Shulou(Shulou.com)05/31 Report--

In this issue, Xiaobian will bring you about how to use Grouper2 to find vulnerabilities in the Active Directory Group Policy. The article is rich in content and analyzes and narrates from a professional perspective. After reading this article, I hope you can gain something.

Grouper2 is a penetration testing tool for AD Group Policy security. The tool is developed in C#. With the help of Grouper2, penetration testers can easily find security-related misconfigurations in Active Directory Group Policy.

Of course, you can also use Grouper2 for other things, but Grouper2 is not strictly a professional auditing tool. If you want to check that your Group Policy configuration security meets certain standards, you may also need to use Microsoft's Security Compliance Toolkit.

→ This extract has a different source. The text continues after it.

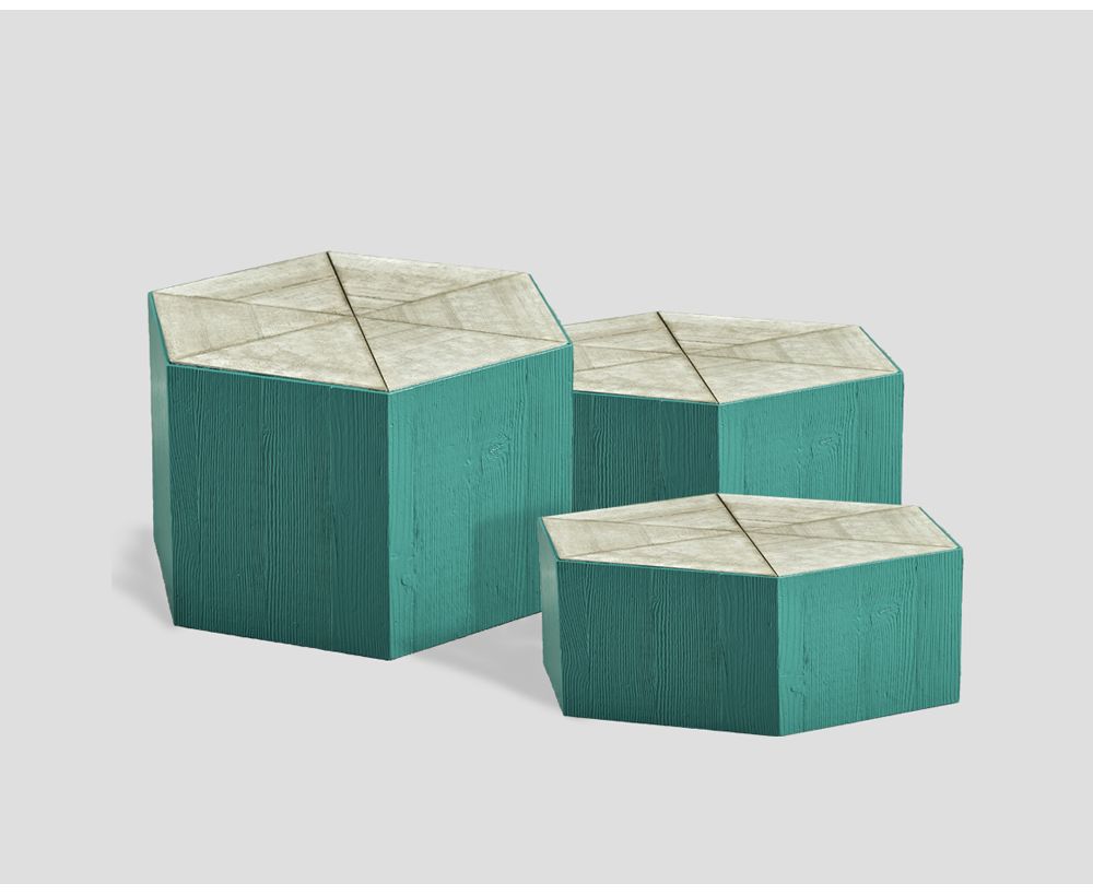Set di 3 tavolini esagonali, in legno vecchio riciclato finitura laccata e cerata a pennello color Verde Smeraldo, top in cemento.
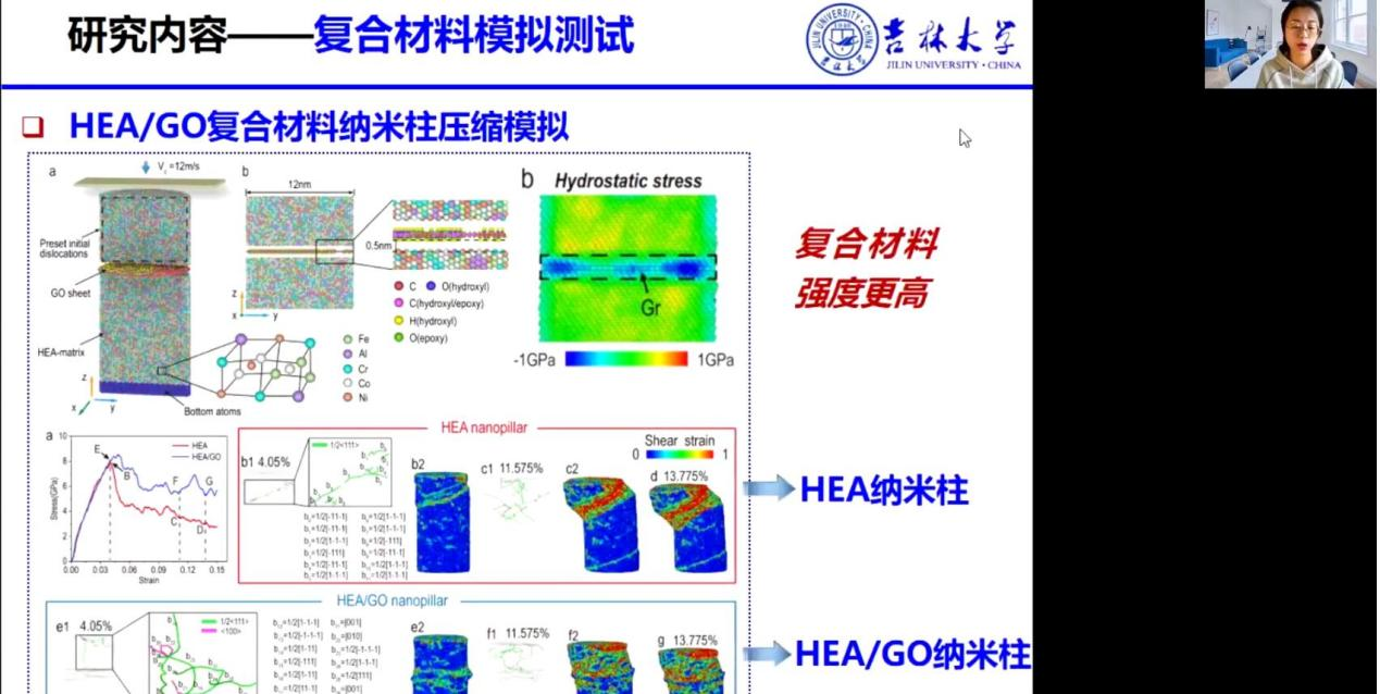 张微从国内外研究背景出发,结合高熵合金在生产生活中存在的实际问题,强调了基于原位测试的高熵合金微纳米尺度结构与性能研究的必要性。主要研究包括:在柱态的高熵合金样品上进行一系列轧制和热处理工艺,通过不断调整优化参数使材料塑性和强度都有所提高,打破了传统工艺塑性强度难以平衡的问题。尝试在柱态高熵合金基体中掺入氧化石墨烯纳米薄片进一步改善材料的力学特性,测试结果表明复合材料硬度均高于初始高熵合金,并随着氧化石墨烯含量的增加材料硬度也有所提升。随后利用EBSD获得晶粒尺寸,发现随GO含量增加,晶粒尺寸减小,并在0.6wt%达到最小,晶体无择优取向。此项实验得到的复合材料性能更优,对机械结构关键零件耐用性能提升具有重要意义。报告结束后,同学们与张微师姐就相关问题进行了深入探讨。

In short, Grouper2 can export all the data you're interested in from Group Policy to you, and then try to exploit any security issues that might exist.

Grouper2 compares Grouper to Grouper in the following ways:

Require users to install components such as GPMC or RSAT on a computer that has joined the domain.

2. Users need to generate XML reports through the Get-GPOReport PowerShell command line tool.

3. Reports need to be provided to Grouper.

4, will generate a lot of data, users need to filter and filter out valuable content.

Grouper2 doesn't need to rely on Get-GPOReport, but it still needs to parse a variety of file formats. The characteristics of Grouper2 are as follows:

1, more accurate file permissions detection, do not need disk disk read and write.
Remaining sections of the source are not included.